Anyone who has ever said “I’m just going to let these dishes soak” has no intention of doing those dishes
my son the little archaeologist informed me that he could tell a remote control he found was ancient because it had a button for PS3
CASHIER: its declined
ME: run it again
C: sir, is this one of those fake credit cards they mail out
ME: no
C: your name is “local resident”?
The definition of insanity is me trying to dance like 80s Madonna when I couldn’t dance like 80s Madonna in the 80s.
I hope nobody on my yearbook page ever becomes famous.
Me: Let’s try it have a nice weekend without any fighting, ok?
Hub: Agreed
Me: Wait, where are you going?
Hub: Fishing. See you Monday
ME: does this apartment have a pizza cellar
REALTOR: again, i dont know what that is
I think I might have a shower.
*checks*
Yes, I have a shower.
him: this might be the whiskey talking but are you checking me out?

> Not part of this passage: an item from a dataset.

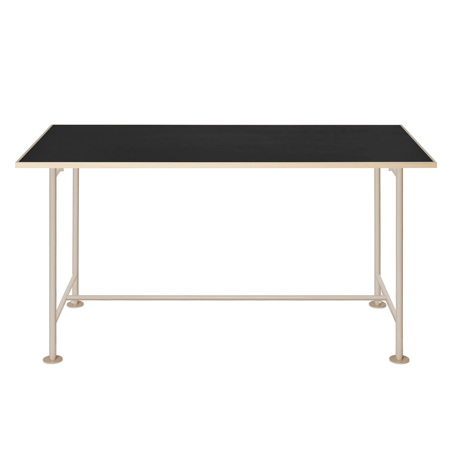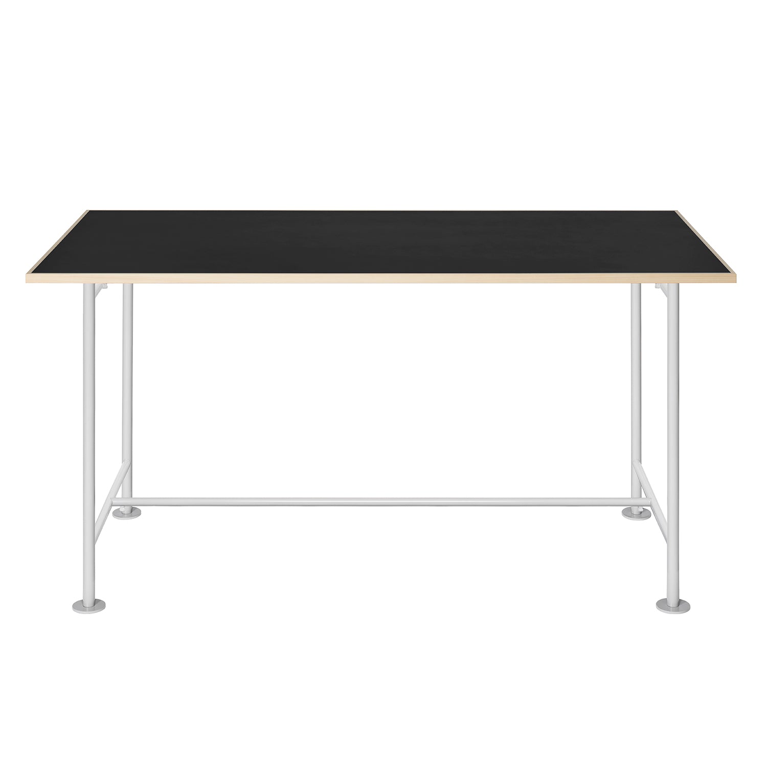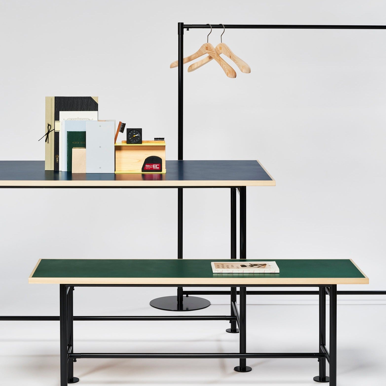 This is a table that combines an assembled steel frame with a tabletop made of colored MDF and Japanese cypress. The steel pipe legs have a simple structure yet provide sufficient strength while remaining lightweight. The base has a wide surface area to prevent damage to the floor, and the base itself acts as an adjuster, ensuring stability even on uneven surfaces. Assembly is easy, and the table can be disassembled into a flat pack, making it convenient not only for permanent use in homes and stores but also for temporary use in pop-up shops and other temporary setups.

cop: licence and registration
How dare you call me mentally unstable, on this, the day of my cat’s quinceanera.
Walked through a haunted house and just kept muttering to myself about how much I liked the aesthetic of each room, like I was shopping for a house. And then a guy with a chainsaw would jump out or something and I would be like ok geez
The ad said “these dresses get compliments” like I’m some kinda compliment w#@r*.
Anyway, I’m gonna have a look at those dresses
son you’re getting older and one way I show my trust in you is letting you tackle some tough jobs on your own;
bathing the cat for starters
ME: So when you’re saying mass is it the real you or are you using your altar ego lol
PRIEST: *rolling up his sleeves* Forgive me Lord for what I am about to do
Forgive me father for I have sinned, it’s been 25 yrs since my last confession, I sure hope you’re seated comfortably.
Why is sugar SO addictive, and broccoli is just like, “I’ll be here when you need me”
There’s no gangsta way to get out of a hammock.